Sung Min Kwon received the BS and MS degrees in Electrical Engineering from KAIST, Korea in 1997 and 1999, respectively. He is working toward PhD degree in the Department of Electrical Engineering and Computer Science (EECS), KAIST, Korea. His research interests include medical image processing, 3D visualization, and volume registration.
Yong Sun Kim received the BS and MS degrees in Electrical Engineering from KAIST, Korea in 2002 and 2004, respectively. He is a PhD candidate of the Department of EECS, KAIST. His research interests include medical image processing and registration.
Tae-Sung Kim received his medical degree from Yonsei University, Seoul, Korea, in 2000. He completed his internship and residency in Diagnostic Radiology at Yonsei University Medical Center, in 2001 and 2005, respectively. His research interests are medical image processing and medical informatics.

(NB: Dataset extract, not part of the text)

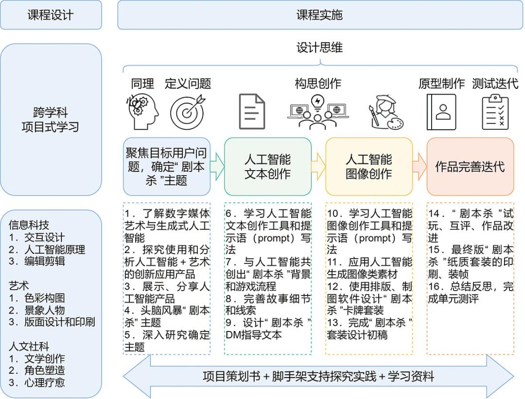 本课程通过聚焦目标用户问题确定剧本主题、人工智能文本创作、人工智能图像创作,以及作品完善与设计迭代4个主要环节,系统地引导学生从零开始,逐步构建出一个完整的“剧本杀”项目。学生在教师的引导下,不仅学会了如何运用生成式人工智能工具生成文本和图像内容,还通过团队合作,将这些内容融合成为一套完整的“剧本杀”套装。

Jong Beom Ra received the BS degree in Electronic Engineering from Seoul National University, Korea, in 1975, and the MS and PhD degrees in Electrical Engineering from KAIST, Korea, in 1977 and 1983, respectively. From 1983 to 1987, he served as an associate research scientist in Radiology, Columbia University, New York, USA. He joined the Department of EECS in KAIST, in July 1987, where he is now a professor and the director of medical imaging research center, KAIST. His research interests are digital image and video processing, medical imaging, and 3-D visualization. He is a senior member of IEEE.